DLR Judge Wrongly Interprets Sobriety Law

by baronedefensefirm on May 7, 2009

As has been explained in various articles throughout this web site if you are a repeat drunk driver in Michigan then you will have your driver’s license revoked for life.  After that happens, the only way to get your license back will be to file a petition for Driver License Restoration (DLR).  You will have to wait at least one year before you may do so, but you may be required to wait a minimum of five years before first requesting a hearing.

Once your waiting period has run, Rule 13 will govern your DLR hearing.  According to Rule 13, at the DLR hearing the petitioner (person requesting the license) must show a minimum period of 6-12 months of sobriety.  This time period will depend on the facts and circumstances of the case, but in most instances you must show at least one year of total abstinence from alcohol and drugs.

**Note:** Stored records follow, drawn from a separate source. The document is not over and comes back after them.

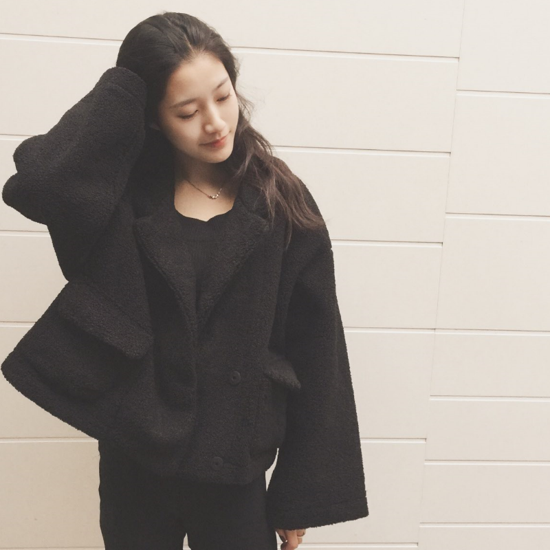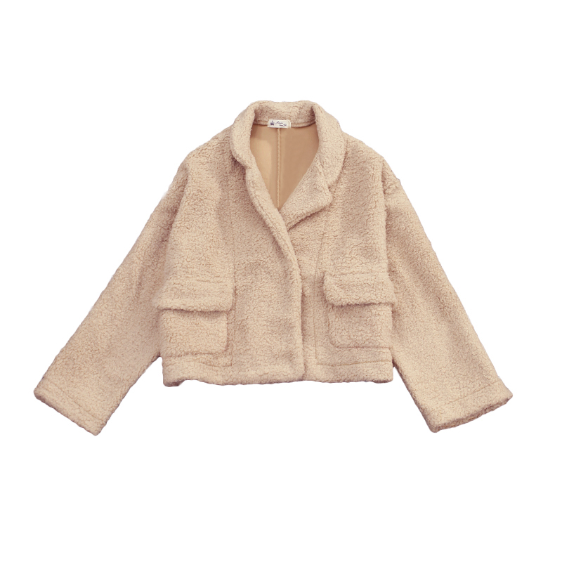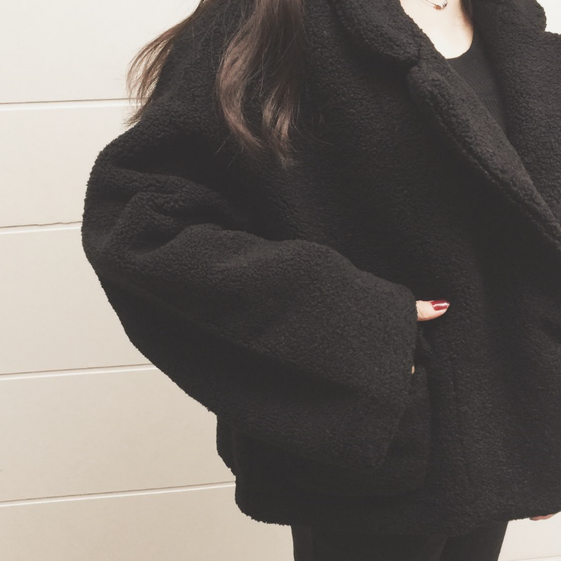 / 韓國冬款寬松百搭翻領雙口袋加厚保暖羊羔毛純色短款外套女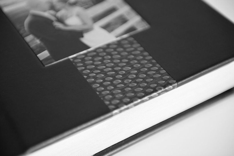 The first one is a 10×10 Designer Album with a Navy Leather cover and Glam accent strip. We can’t forget about the custom metal cameo on the front cover as well as imprinting in silver on the spine. To check out the full layouts of this album, click here! Following the Designer Album is an 8×8 Fine Art Book. It’s covered with Black Leather and a Sultry accent strip. Again, the cover features a custom metal cameo and imprinting on the spine. You will also notice a matching Slipcover for the Fine Art Book. Matching Slipcovers are available as an upgrade with any wedding album!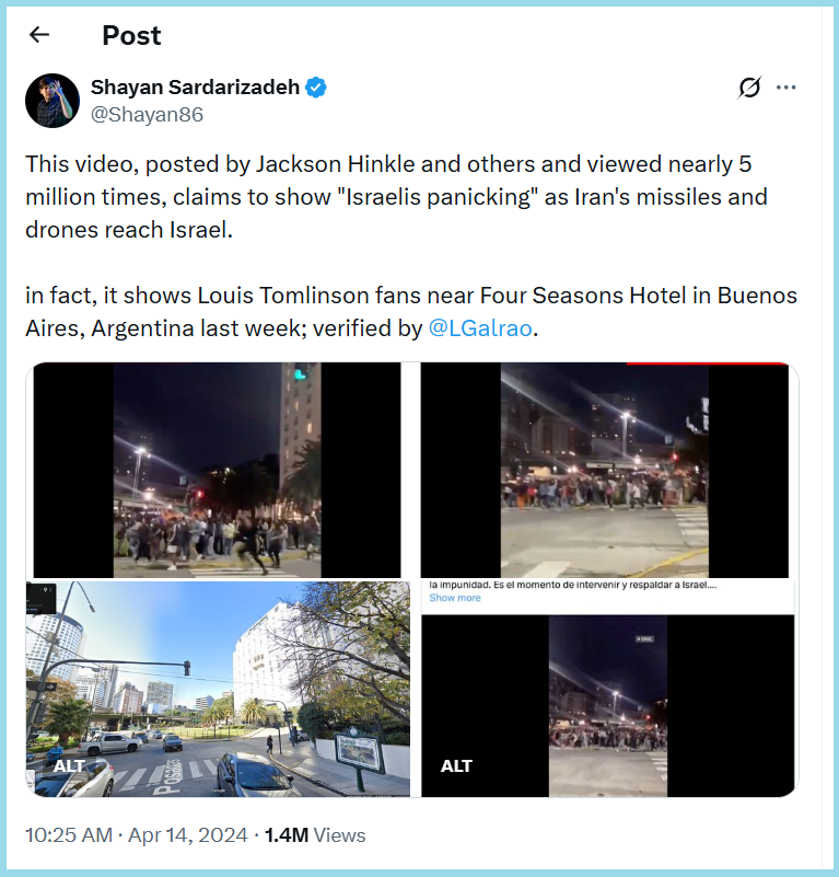 The tweet read, “This video, posted by Jackson Hinkle and others and viewed nearly 5 million times, claims to show “Israelis panicking” as Iran’s missiles and drones reach Israel.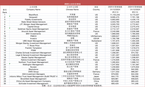 IPE指出,2025年榜单显示,头部资产管理机构凭借战略优势继续划分巨大市场份额,强化行业“马太效应”。一方面,全球500强资产管理公司总体资产管理规模达到历史高位,贝莱德、先锋领航、富达等头部机构,在市场份额及吸金能力方面领先。另一方面,行业分化加剧,中小型管理者面临竞争压力,市场份额和利润率或继续下滑。行业正在迈向“越大越强”的结构转型,投资者偏好集中于大型、稳健、风险分散的资管机构,中小资管公司则面临、差异化、专业化经营的压力。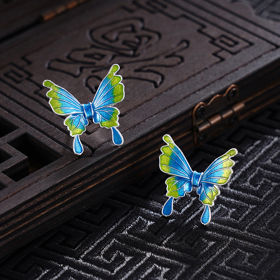 【寓意】:此作品以蝴蝶为灵感,采用足银材质打造打造,融合景泰蓝特调蓝绿色,清丽淡雅,细腻梦幻。寓意蝴蝶已至,福气自来。

Michigan statutes also cover this sobriety issue.  MCL 257.313 (1)(b)(iii) says that a petitioner may be required to establish 12 months of sobriety if “[t]hat petitioner has attempted to bring his or her alcohol or controlled substance abuse problems, if any, under control, but suffered a relapse by using, on at least one occasion, alcohol or a controlled substance…”

Now, the question that often comes up in a DLR hearing is whether or not your time on probation counts as sober time?  Some hearing officers believe that it does not.   This creates a dilemma because a person will often still be on probation when they first try to get their license back.  In fact most repeat drunk drivers in Michigan will be on probation for a minimum of two to three years, but can request a DLR hearing after the first year. Consequently, if the hearing officers are correct, then the one year waiting period set forth in Michigan’s statutes might actually become three or more years.

It is our opinion that the hearing officers that believe this to be true are clearly wrong.  This is because their opinions are based on the case of Deborah Braddock Reynolds v. Secretary of State, Michigan Court of appeals, Docket number 269714, dated July 13, 2006. The court in this case ruled that ‘[B]ased on the evidence presented, the hearing officer’s determination that petitioner was required to maintain at least 12 months of current abstinence or sobriety outside of the controlled environment of imprisonment or parole….’ was appropriate.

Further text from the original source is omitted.